1.9 The designated project manager for Consultant shall be Julius Nyanda. The
Consultant's project manager shall have all the necessary authority to direct technical and
professional work within the scope of the Agreement and shall serve as the principal point of
contact with the City and the City's project coordinator. The authorized principal of Consultant
executing this Agreement for the Consultant shall have authority to make decisions regarding
changes in services,termination and other matters related to the performance of this agreement on
behalf of Consultant.
1.10 The Consultant(and its employees, agents, representatives, and subconsultants), in
the performance of this Agreement, shall act in an independent capacity and not as officers or
employees or agents of the City. The City shall not direct the work and means for accomplishment
of the service's and work to be performed hereunder. The City,however,retains the right to require
that work performed by Consultant meet specific standards consistent with the requirements of
this Agreement without regard to the manner and means of accomplishment thereof
Subcontractors shall assume all of the rights, obligations and liabilities, applicable to it as an
independent contractor hereunder. Consultant represents and warrants that it (i) is fully
experienced and properly qualified to perform the class of work and services provided for herein,
(ii) has the financial capability and shall finance its own operations required for the performance
of the work and services and (iii) is properly equipped and organized to perform the work and
services in a competent, timely and proper manner in accordance with the requirements of this
Agreement.
1.11 This Agreement contains provisions that permit mutually acceptable changes in the
scope, character or complexity of the work if such changes become desirable or necessary as the
work progresses.Adjustments to the basis of payment and to the time for performance of the work,
if any, shall be established by a written contract amendment(approved and executed by the City)
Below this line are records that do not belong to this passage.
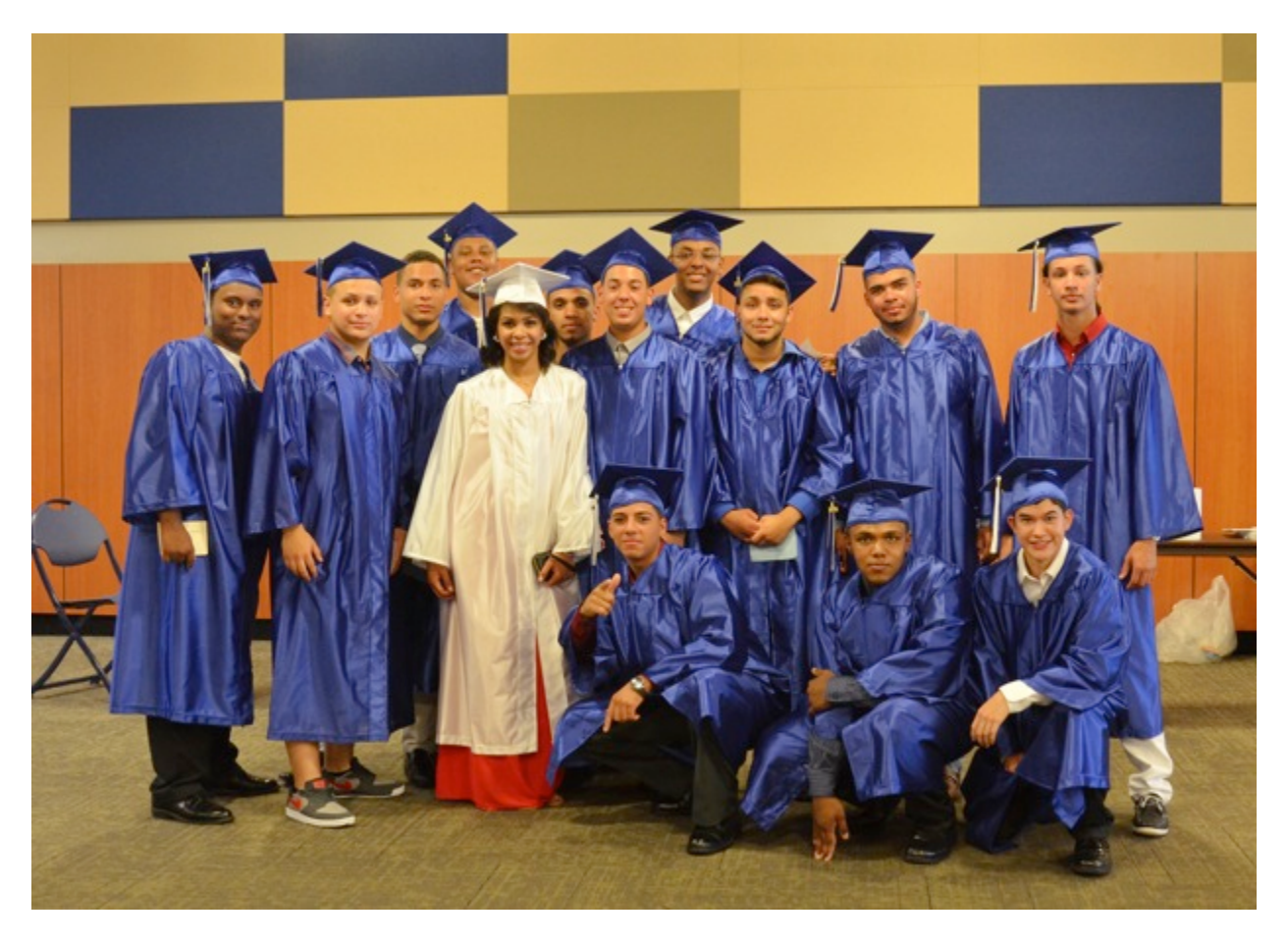
Photo Caption 0024: Students of the School of Construction Technology pose for a pregraduation photo.

This year's graduation boasted the extraordinary accomplishments and achievements for students and staff. The Class of 2014 is bound to achieve great success. Congratulations to all and good luck in the future!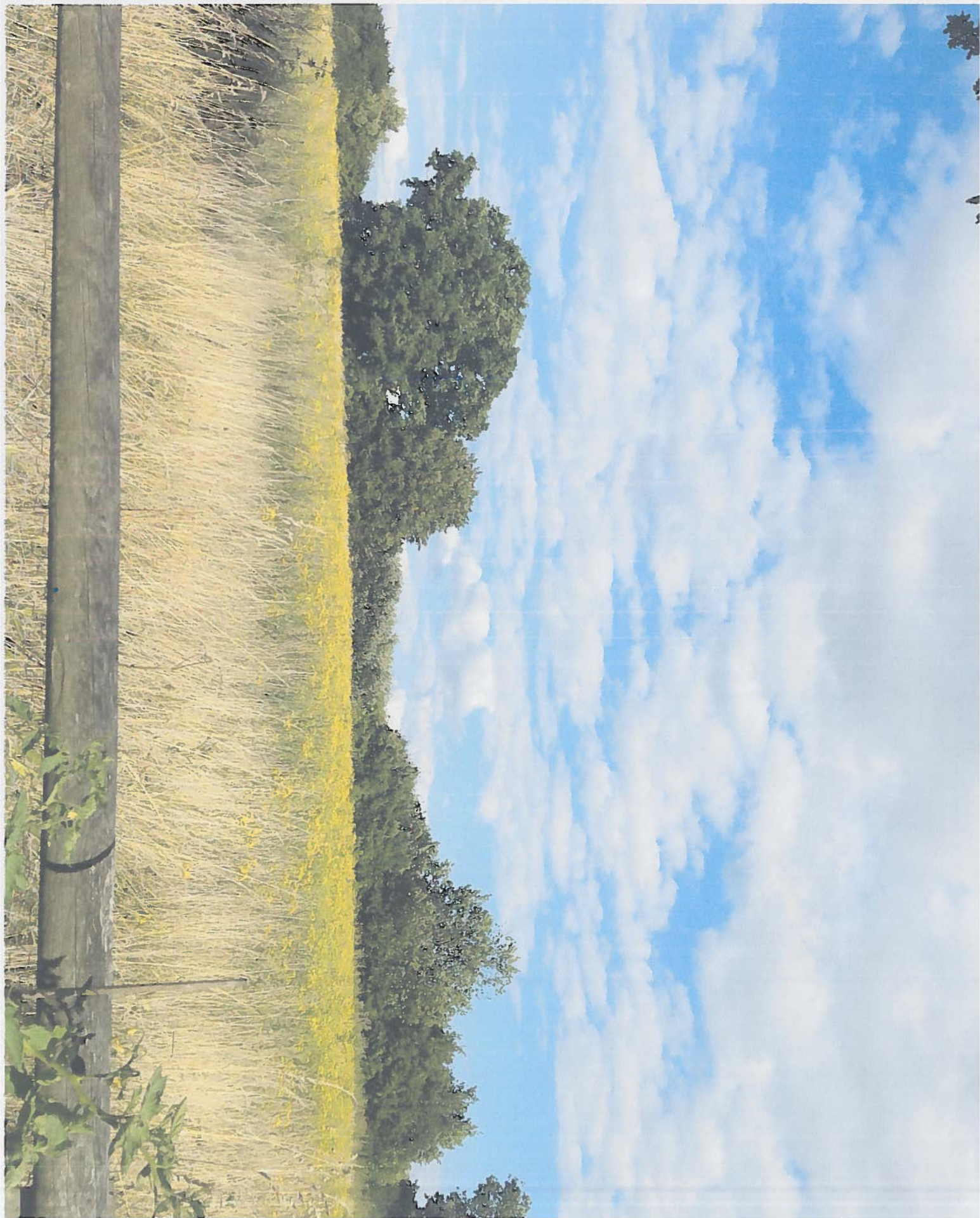
Collins Farm from my garden fence APPENDIX 2.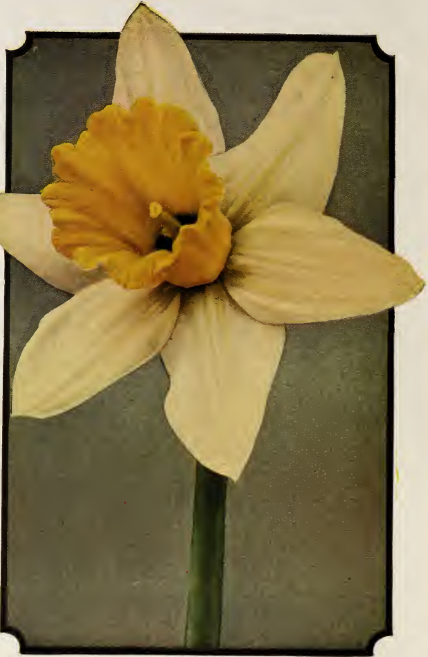
This illustration shows a long trumpet Narcissus and the apparent difference between the delicate shades of the trumpet and the outer petals.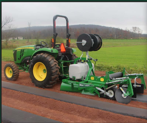
Designed for compact tractors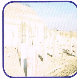
Pillars on firm foundations

We Would like to thank REKON CONSTRUCTION , of 47/48 Quaid-e-Azam Stadium, Mirpur AJK, for their support and assistance towards the design and construction of our project.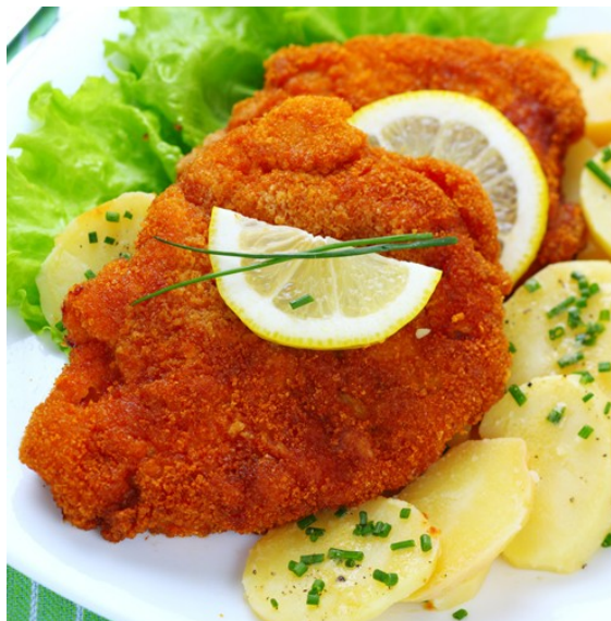
3 Smažený sýr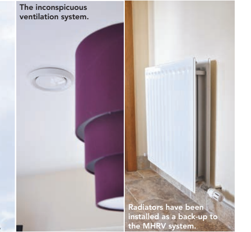
The inconspicuous ventilation system.

to accommodate the changes in work.
2. DUTIES OF CITY
2.1 City shall furnish to Consultant all available and pertinent data and information
requested by Consultant to facilitate the preparation of the documents called for in this Agreement.
Consultant shall be entitled to reasonably rely on all such information.
2.2 City shall provide contract administration services. City shall notify Consultant of
required administrative procedures and shall name representatives, if any, authorized to act in its
behalf
2.3 City shall review documents submitted by Consultant and shall render decisions
pertaining thereto as promptly as reasonably possible.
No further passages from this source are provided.